Tento me lembrar o que eu havia dito. Ah, claro.

— Prontinho — ela, então, termina o meu penteado.

Deixo meus olhos vagarem pelo meu reflexo no espelho. Não ficou nada mal.

— Não estou no clima, preferiria ficar aqui, lendo — eu sempre prefiro.

— Não, querida. Aproveite sua juventude enquanto há tempo... — reviro os olhos, diante do seu mais frequente discurso — eu não aproveitei e olhe só para mim, estou fadada a viver esta miserável vida, sem chances de poder mudá-la.

— Quer dizer que cuidar de mim torna a sua vida miserável? — Faço o mesmo olhar de melancolia que sempre faço, sou ótima na arte da dramaticidade.

Vejo seu rosto se contorcer em arrependimento, possivelmente repensando seu uso de palavras, como sempre a faço fazer.

— Me desculpe, querida. Não foi isso o que eu quis dizer. Apenas... se divirta, antes que atinja a minha idade — seus lábios finos se curvam um pouco, numa tentativa de um sorriso calmo.

Apesar de seus sessenta anos, Suzzy não tem uma aparência que faça jus a sua idade. As marcas de rugas em seu rosto não são tão visíveis e ela mantém seus cachos loiros. Ela está sempre tão arrumada e se eu já não soubesse, chutaria que ela tem quarenta.

— Você está pronta para descer — ela dá uma batidinha no meu ombro.
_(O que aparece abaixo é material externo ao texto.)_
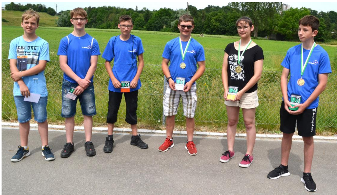
Pistolen-Nachwuchs am St. Galler Jugendtag
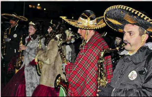
Beim Warten auf den grossen Knall hilft zum Glück Musik.
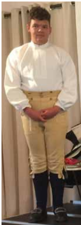
Sämskskinnsbyxor som knäpps under knä.

Några bilder från Eriks och Annas visning till föredraget av Erik Thorell på Olaus Laurentii Släktförenings årsmöte i Bodarna den 2 juli 2016.
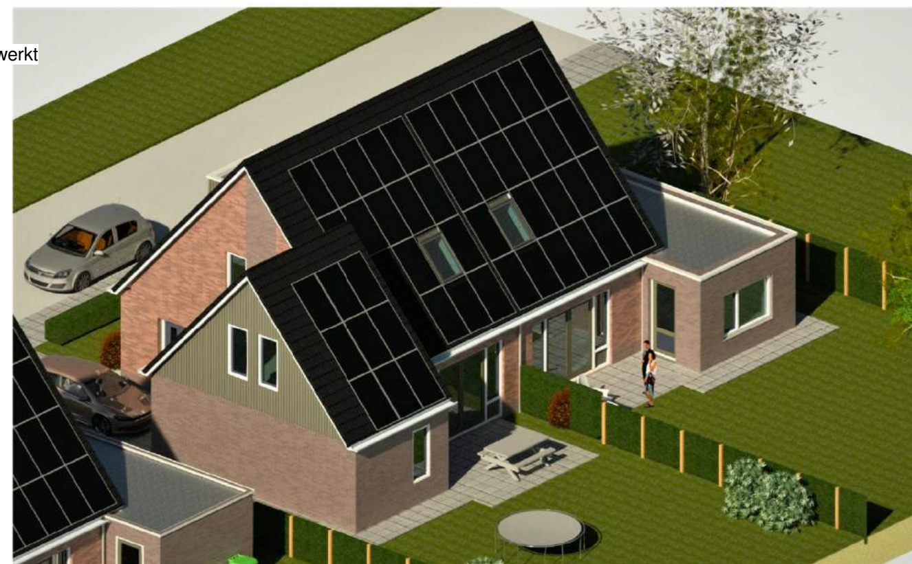
vogelvlucht aanzicht vanuit zuid.
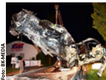
Komplett zertrümmert - der BMW des Unglücksfahrers

Amberg - Nach der Hochzeits-Fete im Sportheim rein in den BMW und nach Hause düsen. Das war keine gute Idee des 29-Jährigen aus Amberg. Der angetrunkene Hochzeitsgast trat ein bisschen zu heftig aufs Gaspedal, raste im Amberger Ortsteil Gailoh von der Straße und frontal gegen einen Baum. Eingeklemmt in das Wrack seines geschroteten Autos starb er noch an der Unfallstelle.
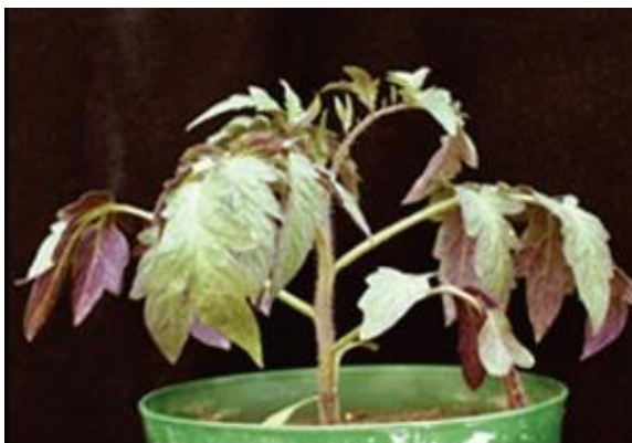
Slika 3. Nedostatka P na rajčici [5]

Višak fosfora je rijedak a nastupa kod koncentracija većih od 1% u suhoj tvari. Rast biljaka je usporen uz tamne pjege na lišću koje se šire prema bazi te lišće na kraju otpada. Metabolizam je ubrzan pa dolazi do skraćenja vegetacije, prijeveremenog cvjetanja i starenja biljaka ( Vukadinović, V., Vukadinović V., 2011 ).
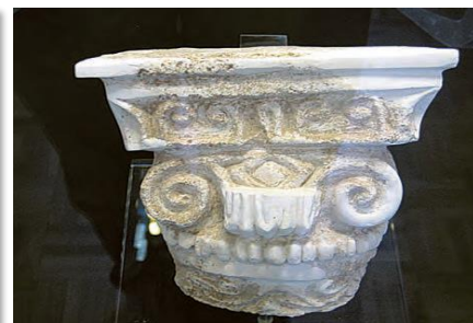
تزیینات معماری دوره اشکانی اشکانی
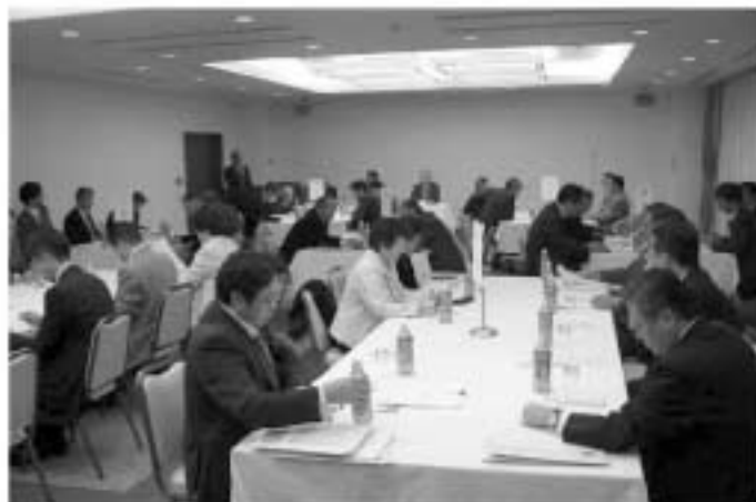
真剣に行動計画を検討する「会員増強検討会」の会場風景

参加した役員並びに組織委員は地区独自の行動計画を協議し、検討会においてそれを発表し今年度後半に向けての会員増強運動が活発化することに期待を持って検討会を終了した。
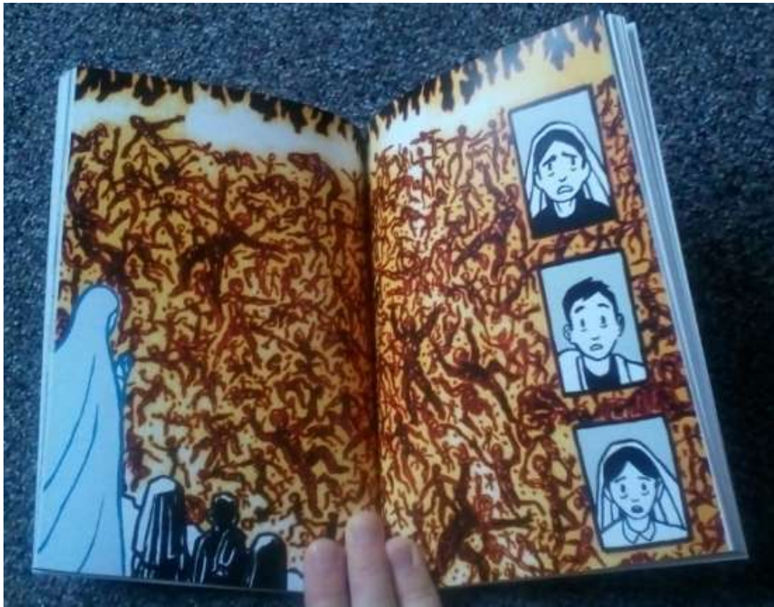
Finální produkt 3
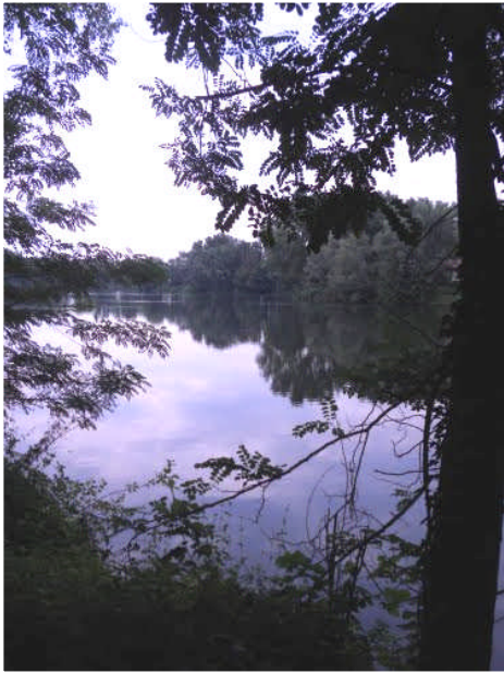
Il Lago Mulino di Cusico
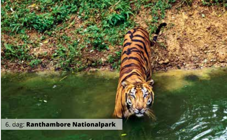
6. dag: Ranthambore Nationalpark
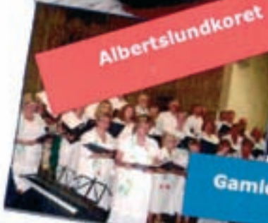
Gamle Danses Værn
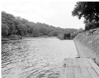
Vue d'ensemble du site depuis la rive gauche en aval : barrage, centrale micro-électrique, écluse.
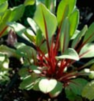
Sølvprimula - Primula
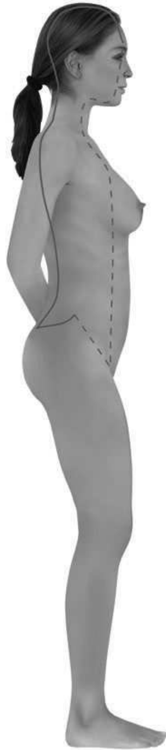
Παράδοξος Μεσημβρινός Du Mai (Κυβερνητικό Αγγείο-Κ.Α.)
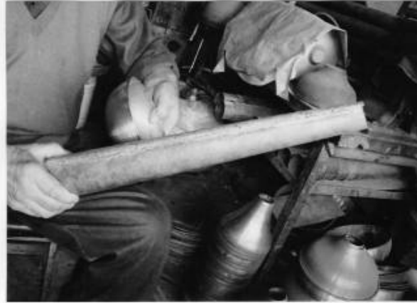
Res.5: Boru şeklindeki dikey eksen alt yapı (Aydođdu, 2008)
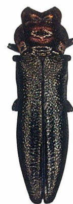
Fig. 12. Endelus collaris kerremansi Théry キンイロエグリタタマムシ (昆虫標本番号24-0461943), 体長5.5 mm.
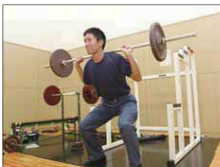
すぐに出動できるよ 重いバーベルを楽々持ち上げます
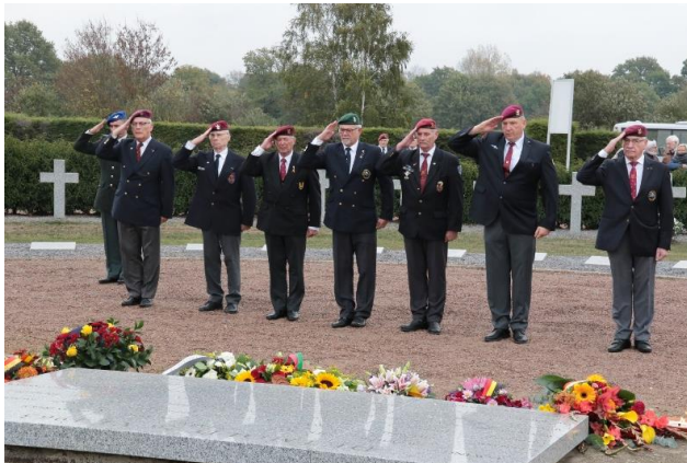
De regionalen Leuven, Antwerpen en Brabant
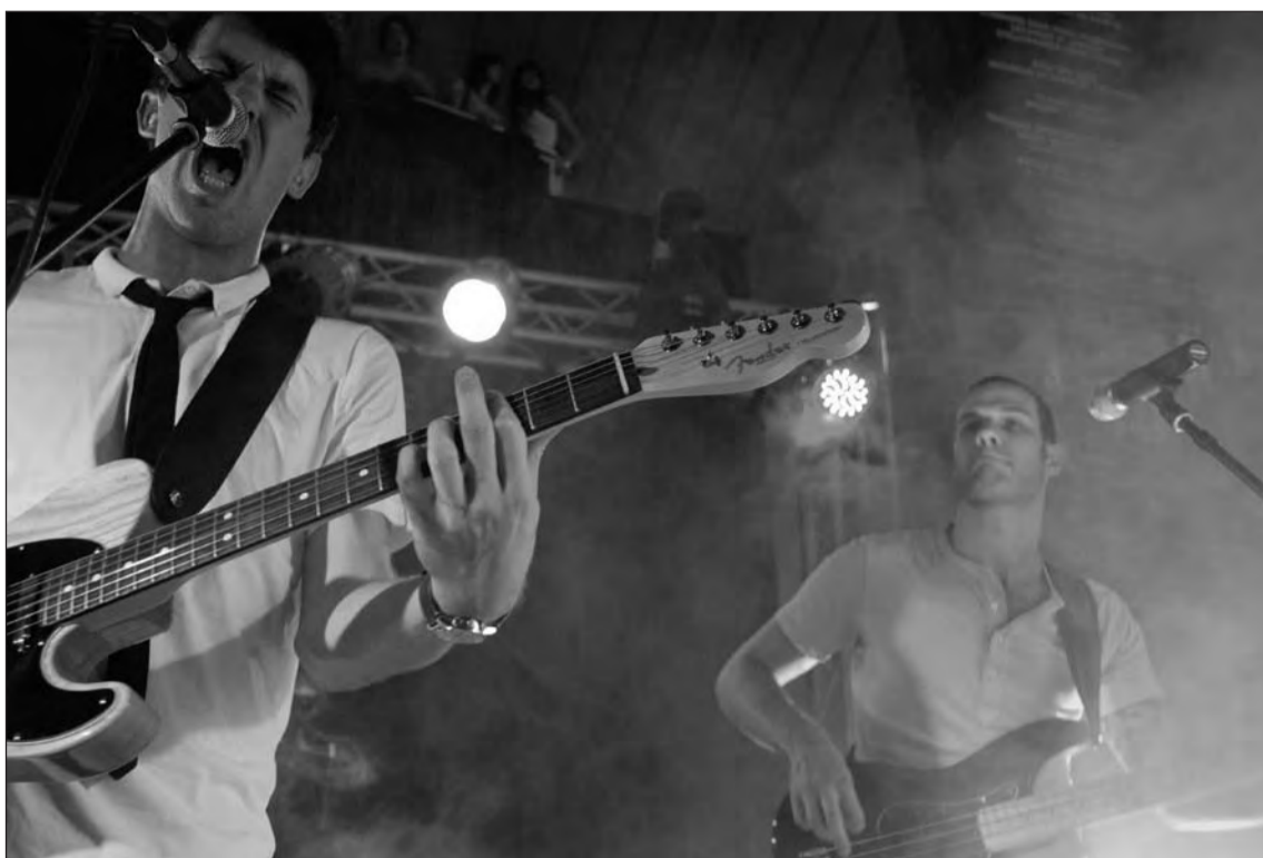
ON SONG: Zebra & Giraffe enthrall students at Geraas Innie Gat. The event took place at the Neelsie Student Centre on the campus of the Stellenbosch University.

The next band, Zebra & Giraffe, translated well from studio to live performance. I had been a little worried that the electronic elements would be
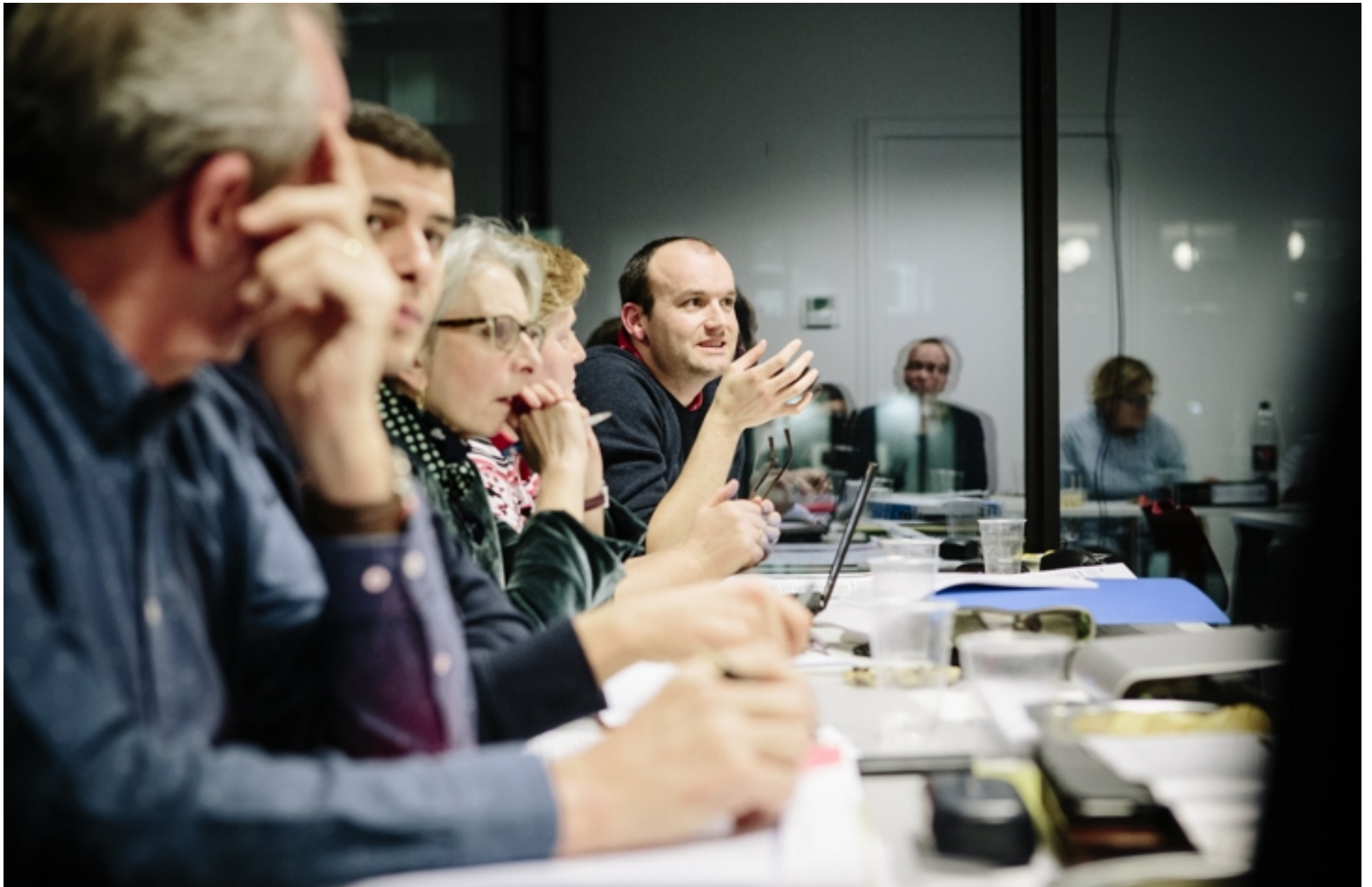
In de Money Making Monday Club zit behoorlijk wat beleggingservaring .

TEKST: JAN REYNS
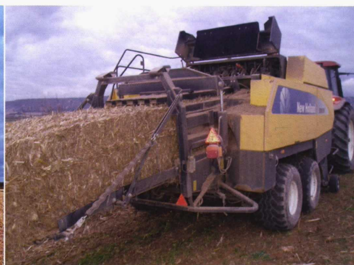
Foto 6. Macroempacadora de pacas prismáticas.
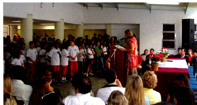
A emocionante cerimônia de entrega dos diplomas de língua estrangeira.

Mátricula Jovem, dirija-se à sua representação consular no decurso do ano em que completar 18 anos.
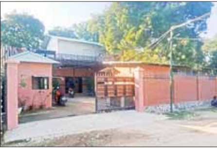
၂၄-၁၂-၂၀၂၂ ရက်တွင် စဉ်ကိုင်မြို့နယ် ပလိပ်မြို့ ဝန်ထမ်းကွက်သစ်ရပ်ရှိ Heart Zoom စားသောက်ဆိုင်အား အကြမ်းဖက်သမားများက လက်လုပ်ဆိုင်းဖြင့်ပစ်ခတ်မှုကြောင့် ပျက်စီးမှု မှတ်တမ်းဓာတ်ပုံ။
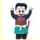
松浦市の ゆるキャラ 松浦 松之介
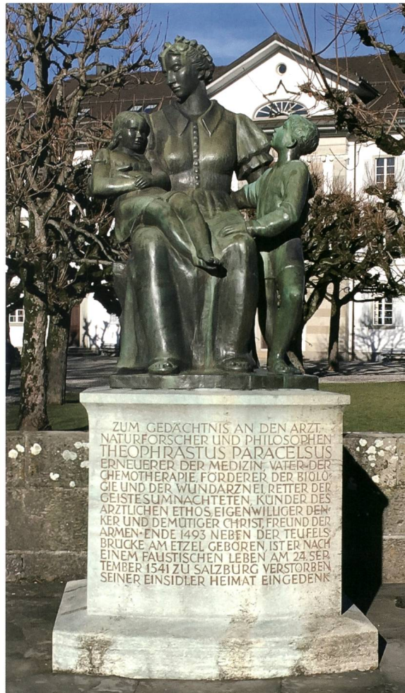
Abb. 1: Anlässlich des vierhundertsten Todestages des Paracelsus im Jahre 1941 erstelltes neues Denkmal, welches sich in unmittelbarer Nähe zum Einsiedler Klosterplatz befindet.

Zuname Bambast auf, aus dem später Banbast und dann Bombast wurde. 2
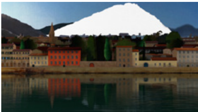
Kondor Attila, film still a Belső könyvtár c. animációs filmből, 2018
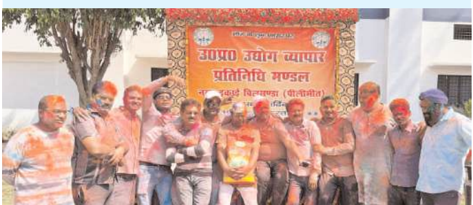
बिलसंडा में व्यापार मंडल के रंगोत्सव कार्यक्रम में होली खेलते तमाम व्यापारी
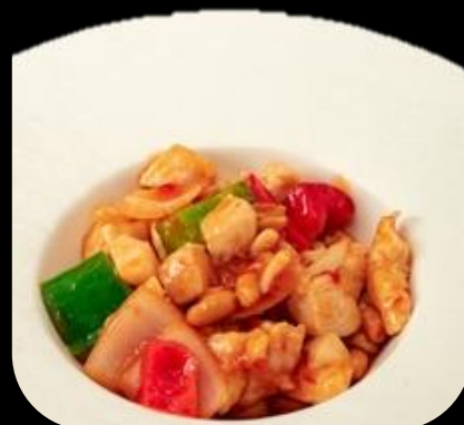
282 POLLO PICCANTE:

Pollo saltato con peperoncino e cipolla.
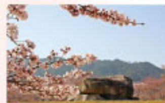
桜 3月下旬～4月上旬 村内各所が桜色に染まる、散策にもってこいの季節。本マップを片手にぜひ巡ってみてください。

◆ご注意◆ ・ゴミは持ち帰ってください。 ・花は観賞用です。 ・おやみに御座いますか？ ・路上駐車は禁止です。
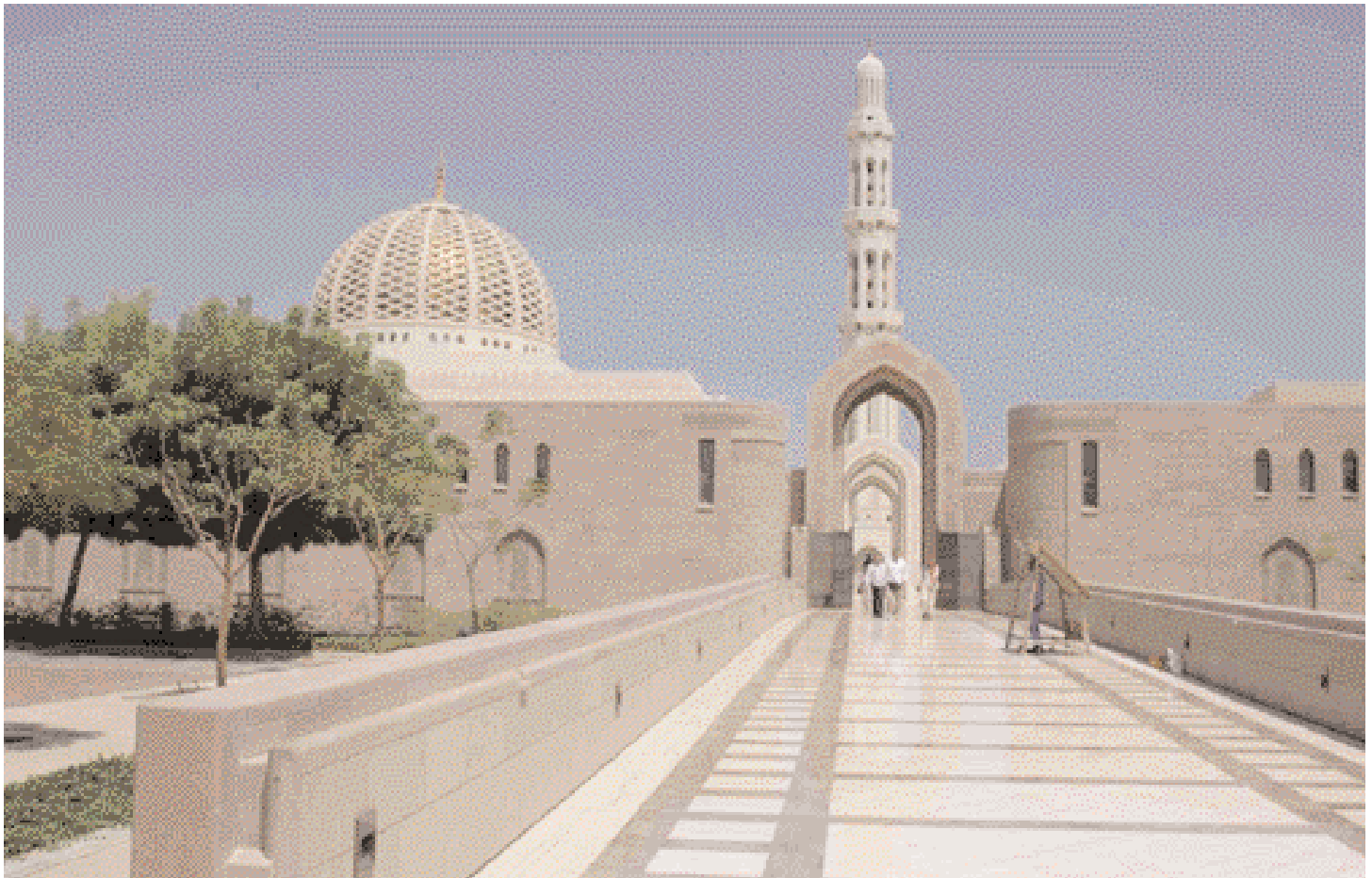
The Sultan Qaboos Grand Mosque.

المساجد الجميلة توشح الطبيعة في عمان مضافة عليها صفة واضحة جدا لمحيط إسلامي. وعمان هي من أول الدول التي دخلت الإسلام خلال حياة النبي محمد (صلى الله عليه وآله وسلم).

Murmuro algo inútil que, claramente, é ignorado, antes de sair do quarto, arrastando meus brilhantes saltos prateados com tiras finas pelo assoalho de madeira maciça. Não ouso discordar que mamãe tem um belo casarão no vilarejo e é onde estamos agora. Ela é praticamente inteira feita de madeira, rústica, aconchegante e muito espaçosa, com cômodos exagerados demais para o meu gosto. A maior casa de Sheepfyeld.

Encosto-me no balaústre do hall superior e aprecio, do alto, o salão de festas. Como o restante da construção, ele é feito de madeira, mas vidros se espalham por toda a área, desde o chão até o teto, como uma bela caixa de vidraças. Há um espaço no canto esquerdo reservado para os músicos, normalmente violoncelistas, pista de dança no centro e uma cozinha independente do lado direito. O ambiente acomoda umas cento e quarenta pessoas, de boa. Porém, neste momento, não tem nem metade dessa quantidade ainda, mas já é perceptível uma movimentação de saias de vestidos e solados de botas arrastando pelo piso.